[Starcluster] How to update numpy / rebundle Starcluster
Justin Riley
jtriley at MIT.EDU
Tue Dec 8 11:37:58 EST 2009
-----BEGIN PGP SIGNED MESSAGE-----
Hash: SHA1
Hi Dan,
I'm cc'ing this list on this email, hope you don't mind :D
Thanks for your suggestions concerning numpy/scipy/software suite on the
StarCluster base AMIs. I will certainly put them to good use and will
likely have you test the AMIs before I release. As of the first release
I did very little testing of scipy/numpy other than importing them and
running a few trivial calculations. This next time around I'll put more
of an effort in this space, especially since this will peak the interest
of the SciPY/NumPY community.
> -- the python-drmaa module, which contains bindings for the drmaa
> interface to the SGE engine (much better than SGE's native interface,
> in my opinion. have you tried it).
I am using the python-drmaa library for a couple projects and it is
extremely useful. I will certainly put this in for set of StarCluster AMIs.
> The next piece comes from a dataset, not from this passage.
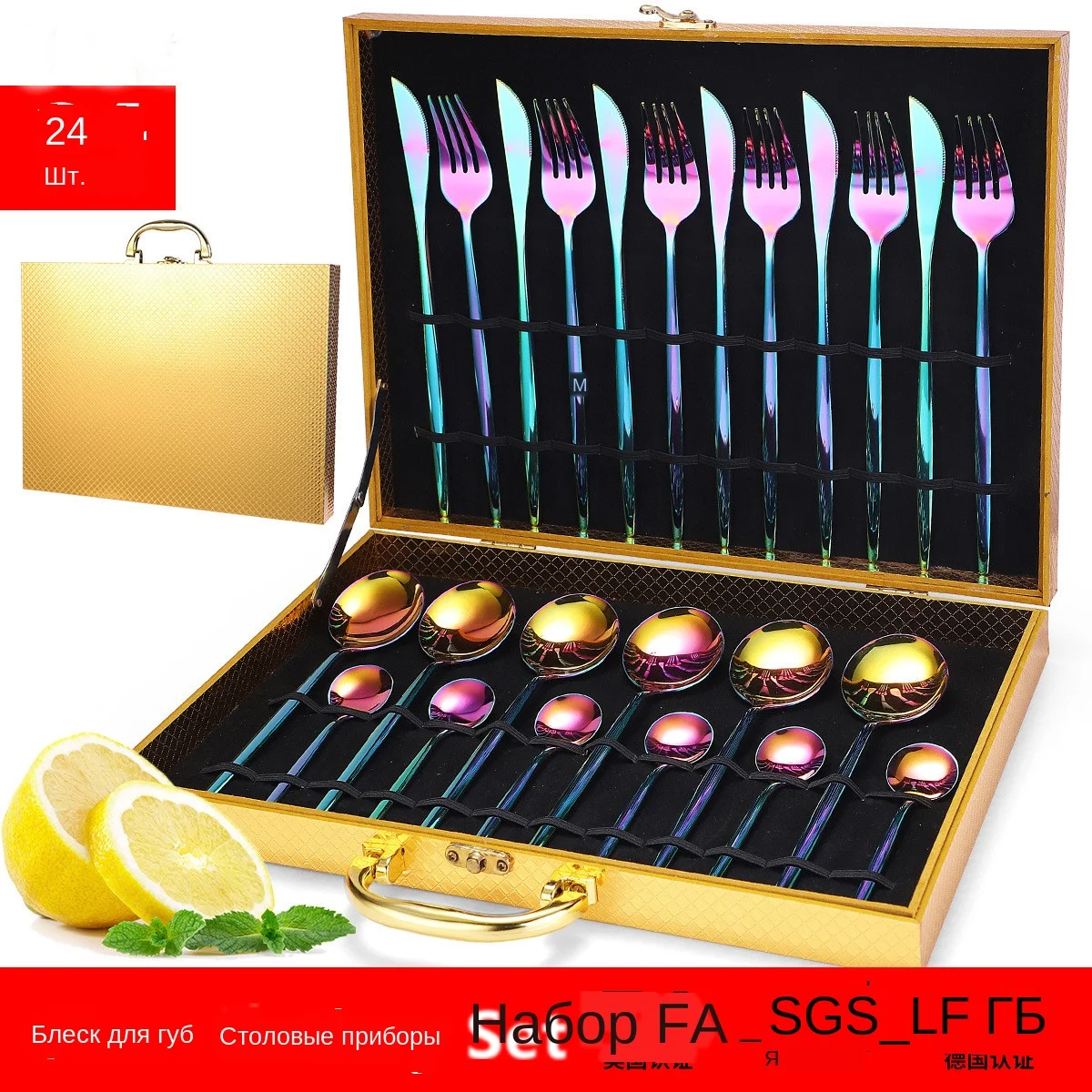 Набор золотых столовых приборов, нож для стейка, вилка, кофейная ложка чайной ложки, 24 шт.комплект, домашний столовый нож из нержавеющей стали, набор вилок, ложек

> Will you include (optional) command-line parameters for things like
nodenumber and maybe root/master AMI?
To answer your question about command-line parameters, the new version
of StarCluster now allows you to completely override anything that's in
the config besides the AWS credentials. Those most live either in a
config file or in environment variables. It's also now possible to
specify the config for StarCluster to use at command line. So you should
find you have considerably more flexibility in the next version ;)
> Great -- although I don't find the current EBS docs that cumbersome
I will certainly leave the old EBS documentation for whoever's
interested but I will advertise more heavily the new createami action
that will automate the process of rebundling AMIs.
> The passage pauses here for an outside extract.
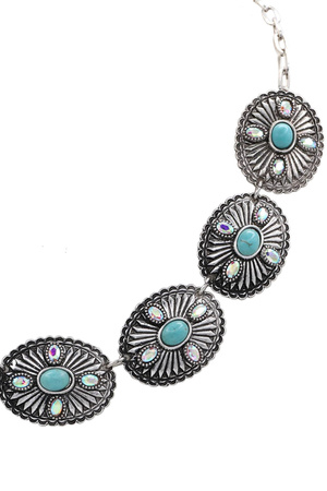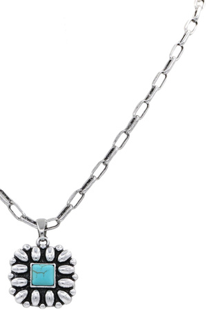 Western Charm Bull Skull & Cactus Fabric Necklace

> Actually, what about having attaching multiple EBS volumes? ...
Having the ability to mount multiple nfs'd EBS volumes on StarCluster is
a feature that I'd like to add, however, it may not make it for this
very next release. I'll add this as a feature request on github's issue
tracker. BTW, feel free to post suggestions/issues on the github issue
tracker for StarCluster:
http://github.com/jtriley/StarCluster/issues
Thanks again for your interest in StarCluster!
~Justin
Dan Yamins wrote:
>
> I'm currently working on the next beta release of StarCluster that
>
> should include multiple cluster support.
>
>
> Excellent. That will be great.
>
>
>
> With that in mind, I'll be
> updating the StarCluster base AMIs before then with the latest versions
> of ubuntu/sge/mpi/numpy/scipy/ipython etc and will likely ping you for
> help in testing things like atlas/lapack support in numpy/scipy, etc.
>
>
> I'm more than happy to help. Let me know ... I definitely suggest
> using numpy 1.4 when you make this upgrade, as it represents a major
> advance over 1.3, especially in the bugfix arena ...
>
> Also, what about including:
> -- python2.6-dev, which is needed for building a lot of things
> -- apache2
> -- python-setuptools, for people who like to use easy_install
> -- the most recent version of the nose testing package, since it is
> necessary to numpy and scipy test suites (what do you do now to test
> your scipy installations?)
> -- also, maybe consider creating symbolic links from your existing
> lapack/atlas/blas files (which end with .3gf.0) to the "standard names"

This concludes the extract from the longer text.